Creative, AI-proof, out-of-class assessments are possible—but take a lot of work

As students rely increasingly on AI, faculty are increasingly making graded assessments in person. But much higher education is now online—over half of undergraduates according to one estimate. Even for in-person courses, moving assessment in-person reduces instructional time and isn’t feasible for every assessment type.

What are the non-in-person options for accurate grading?

In a recent op-ed, an NYU Vice-Provost advocated oral exams. While he envisions them being in person, they can be done over Zoom. Unfortunately, AI can feed students answers during online oral exams. In my case, oral exams sometimes failed—at least when students knew the potential questions in advance. Something more is needed. Maybe individualized, surprise questions would be enough—or maybe not.
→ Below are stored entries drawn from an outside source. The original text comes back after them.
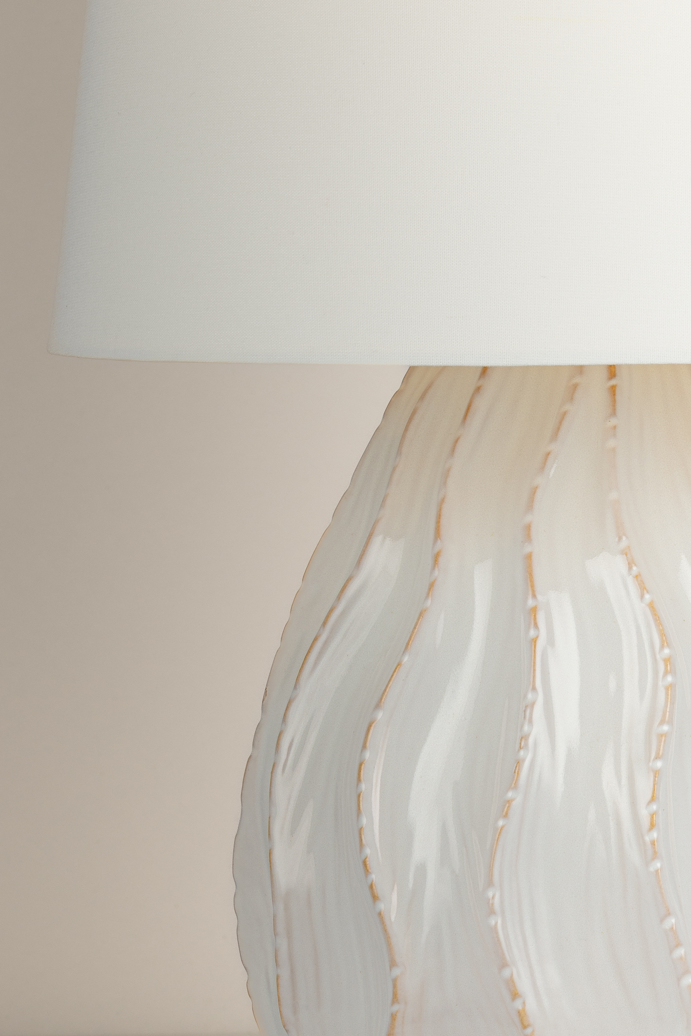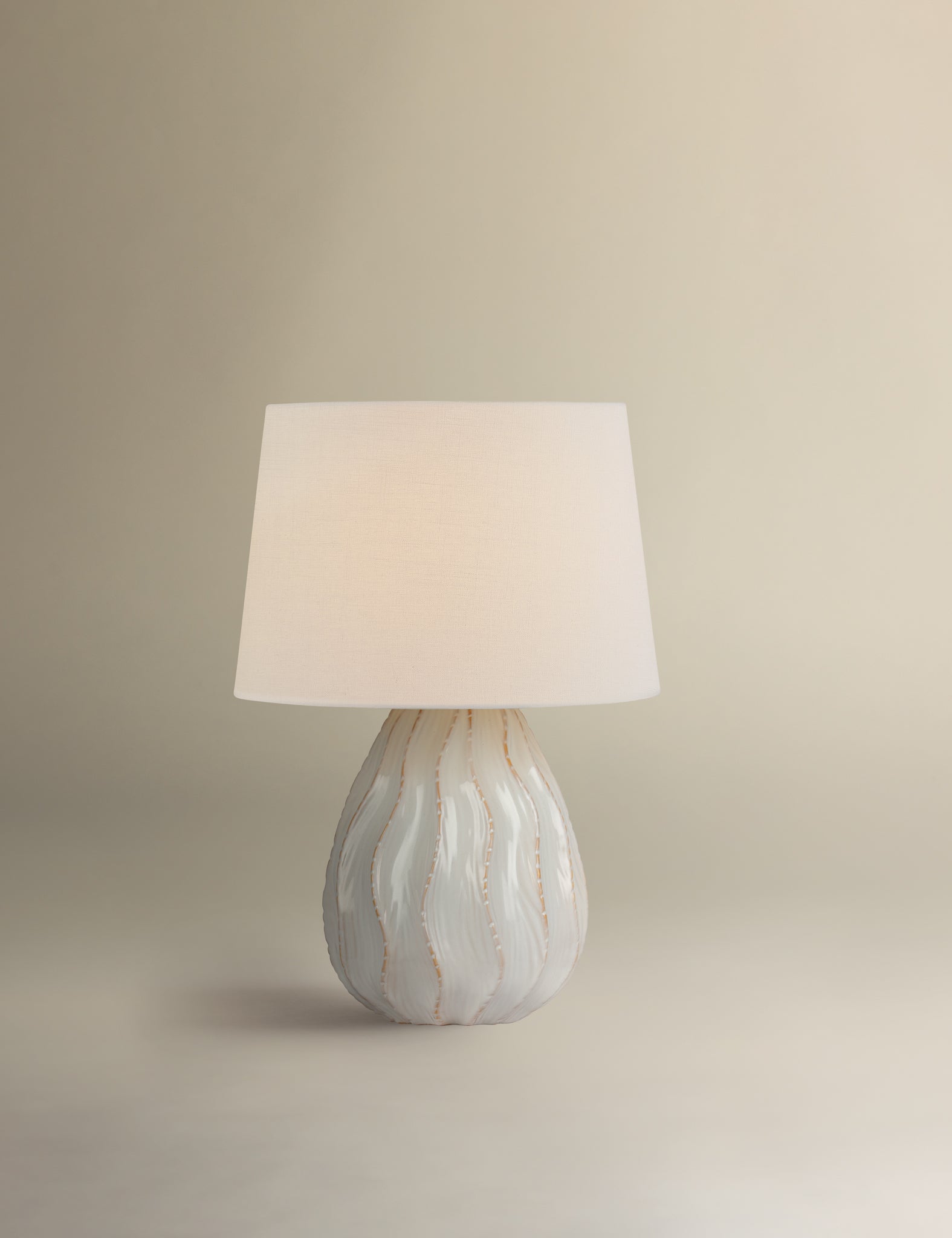 Whimsical yet elevated, the Karla table lamp takes inspiration from the shapes and movement of marine coral. The artful silhouette features a muted pastel palette with flowing, raised edges highlighting the natural, earthy hue of the ceramic. It’s a sculptural statement worthy of being showcased on a console or dresser.
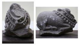 | Description / विवरण | Headless ornamented seated sculpture of nandi in basalt stone wearing two garlands of small bells around its neck. |
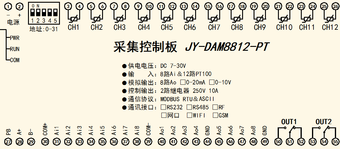 功能說明:12DO+12AI
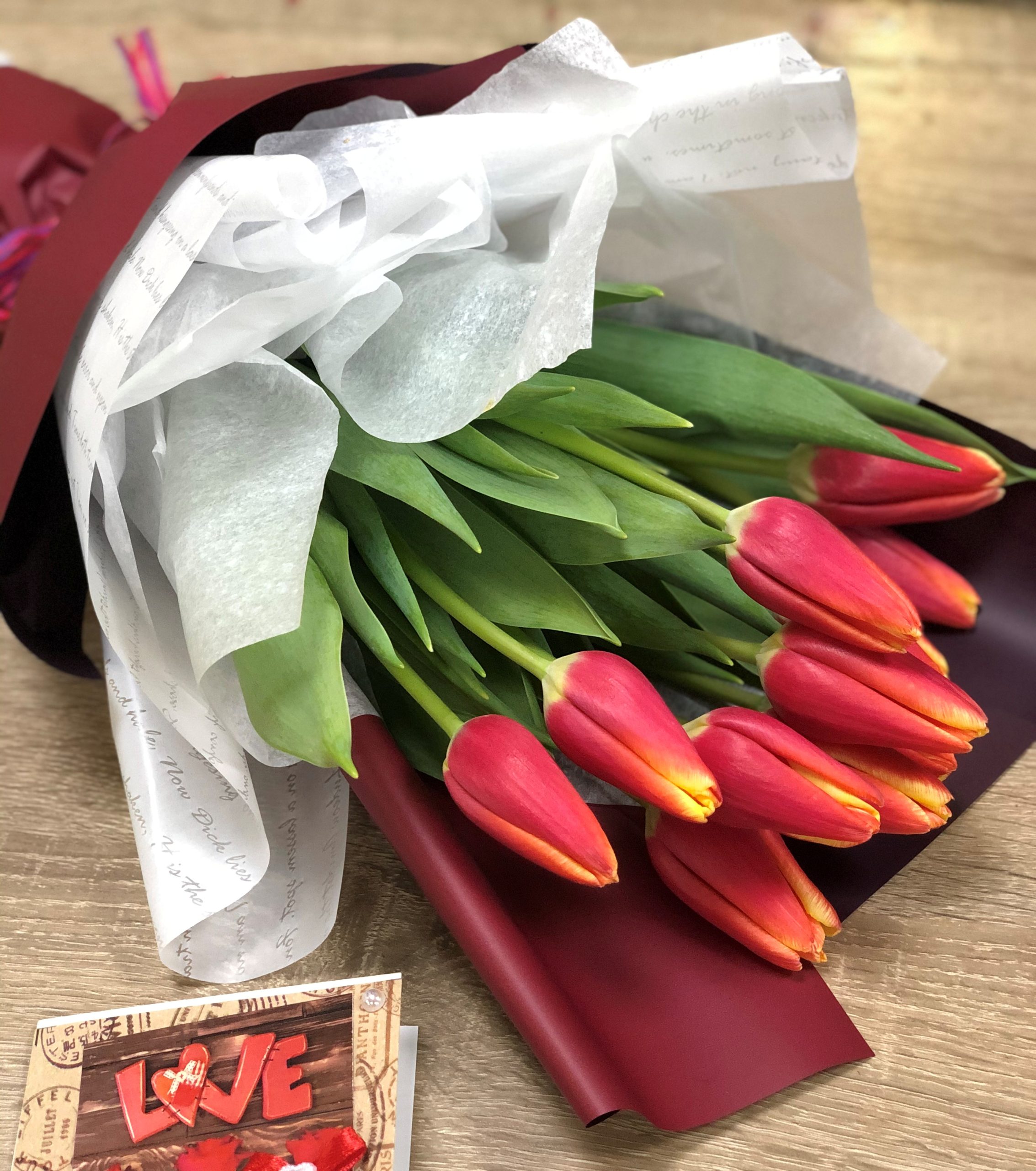Букет из 11 Тюльпанов в нарядной упаковке. Cостав: тюльпаны, декоративная упаковка.Цветовая гамма может быть изменена по желанию заказчика.Наличие уточняйте у менеджера.Производство РБ.Сезонный товар.
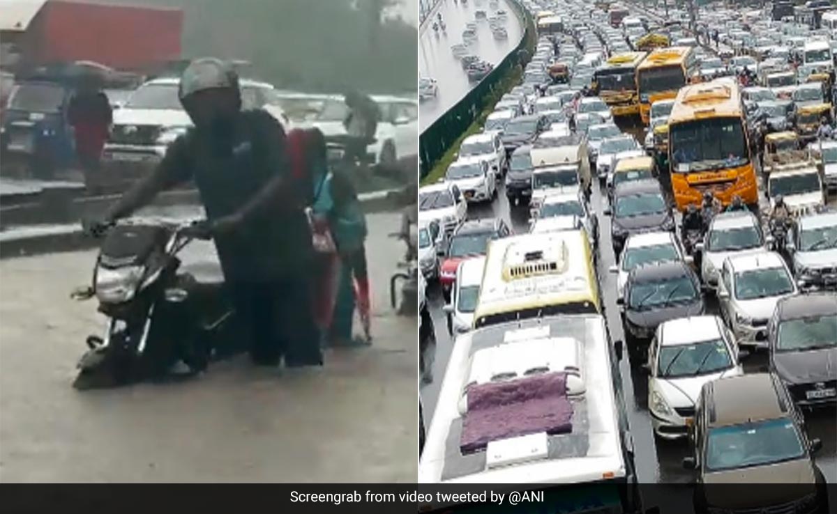 वायरल हो रहे इस वीडियो में कई वाहन बारिश के पानी में आधे डूब नजर आ रहे हैं. वीडियो को देखकर अंदाजा लगाया जा सकता है कि, बारिश के चलते सड़कों पर दो-दो फीट पानी भर गया है, जिसके चलते चौपहिया और दोपहिया वाहन सवारों को खासी दिक्कत का सामना करना पड़ा.

What other twists on oral exams—or entirely different approaches—might work? And what about skills for which oral exams aren’t suitable? Options will likely vary by subject, level, and even specific skills within a course. Here are some approaches I’ve thought of or heard about.
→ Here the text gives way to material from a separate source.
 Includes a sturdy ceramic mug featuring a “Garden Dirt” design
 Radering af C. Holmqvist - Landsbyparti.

Data analysis. Students record a screen-capture video as they conduct their analysis, explaining what they are doing, why, and how they interpret the results.
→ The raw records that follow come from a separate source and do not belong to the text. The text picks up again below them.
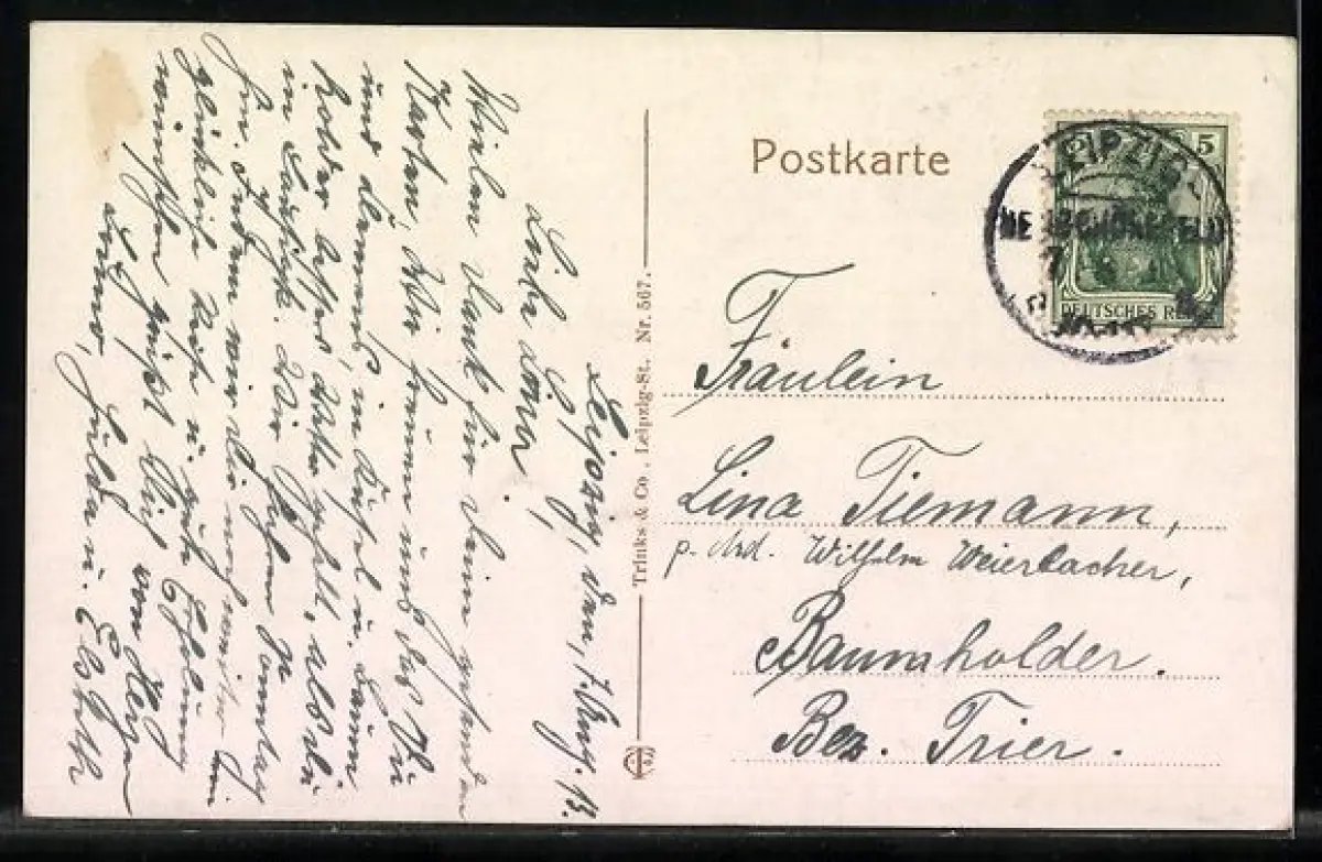 alte Ansichtskarte, gelaufen 1913, Eckknick oben li., guter Zustand
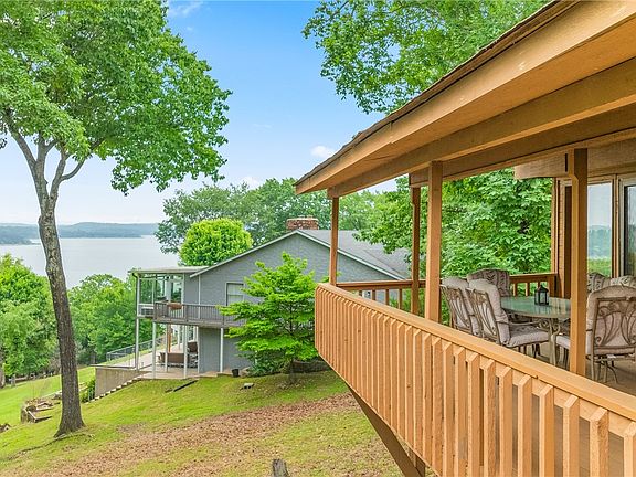 Expansive view of Beaver Lake, neighborhood lake access, and boat launch. This home is ready to host large gatherings of friends and family for priceless time together on the Beaver Lake in over 4,700 square feet with five bedrooms, four bathrooms, walkout basement, wet bar, exercise room, three covered decks, covered patio, a formal dining room and three garages (one with separate drive access for boat storage). The Runnymede community offers residents lake access and a paved nature trail. A boat ramp is located at the end of Dearhurst Rd. Many Runnymede residents have golf carts or side-by-sides to enjoy all the sights and amenities. AirBnBs are popular in this area. Walmart and Instacart deliver. All of these features, along with its proximity to Rogers & Bentonville, make Runnymede one of the most highly desired lake communities in Northwest Arkansas.
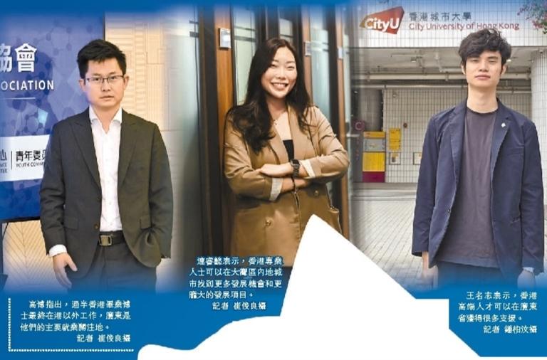 香港青年科學家協會今年早前發布的調查數據顯示,今年初香港在讀博士生約16958人,每年有逾3000名博士生畢業。身兼全國青聯常委、中國青科協理事的高博說:「超過一半香港畢業的博士最終在香港以外工作,廣東省是香港博士們的主要就業關注地,超過三成都有意向在廣東省就業和發展。」
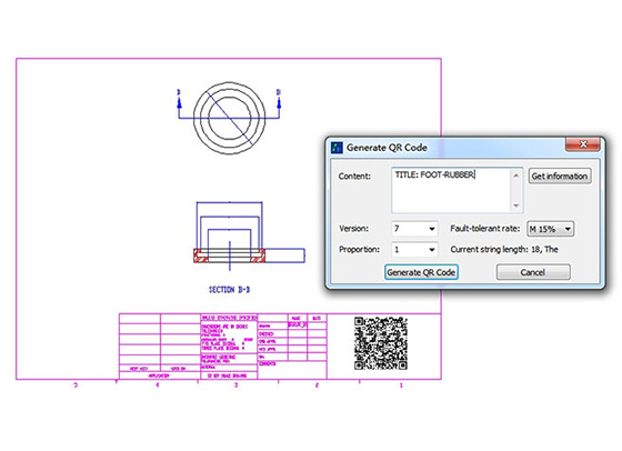 Convertir información en códigos de barra o QR e incrustarlos en el dibujo.
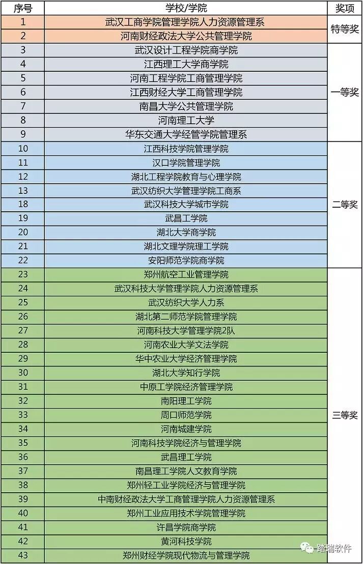 武汉设计工程学院商学院、江西理工大学商学院、河南工程学院工商管理学院、江西财经大学工商管理学院、南昌大学公共管理学院、河南理工大学、华东交通大学经管学院管理系获得一等奖。

Coding. Students write code in advance and then explain why they coded that way. The examiner could then change the task or ask the student to code a different approach.

Political science, history, communications… Two teams debate in real time. One presents an argument while the other poses questions. They then switch roles. Evaluation is based on the quality of both their questions and answers.

Math. Give students a problem (just for them) to solve while explaining and justifying their reasoning aloud.

Many subjects. In an online written test, insert short oral-response questions at random times that must be answered within a limited window.

Economics. Have students choose and analyze a local policy issue—say, gentrification in their neighborhood. After a presentation or reading what they wrote, ask follow-up “what if” questions that test their understanding of policy changes.

While I am trying to be broad and general, my views are shaped by what I teach—research methods for MPA students. Please add your ideas and experiences in the comments.

I see several threads running through these and related approaches:

Audio or video: Disrupts easy cut-and-paste use of AI—students must at least speak the words AI might have provided.

Real-time: Limits the time available to consult AI or create and revise tailored prompts.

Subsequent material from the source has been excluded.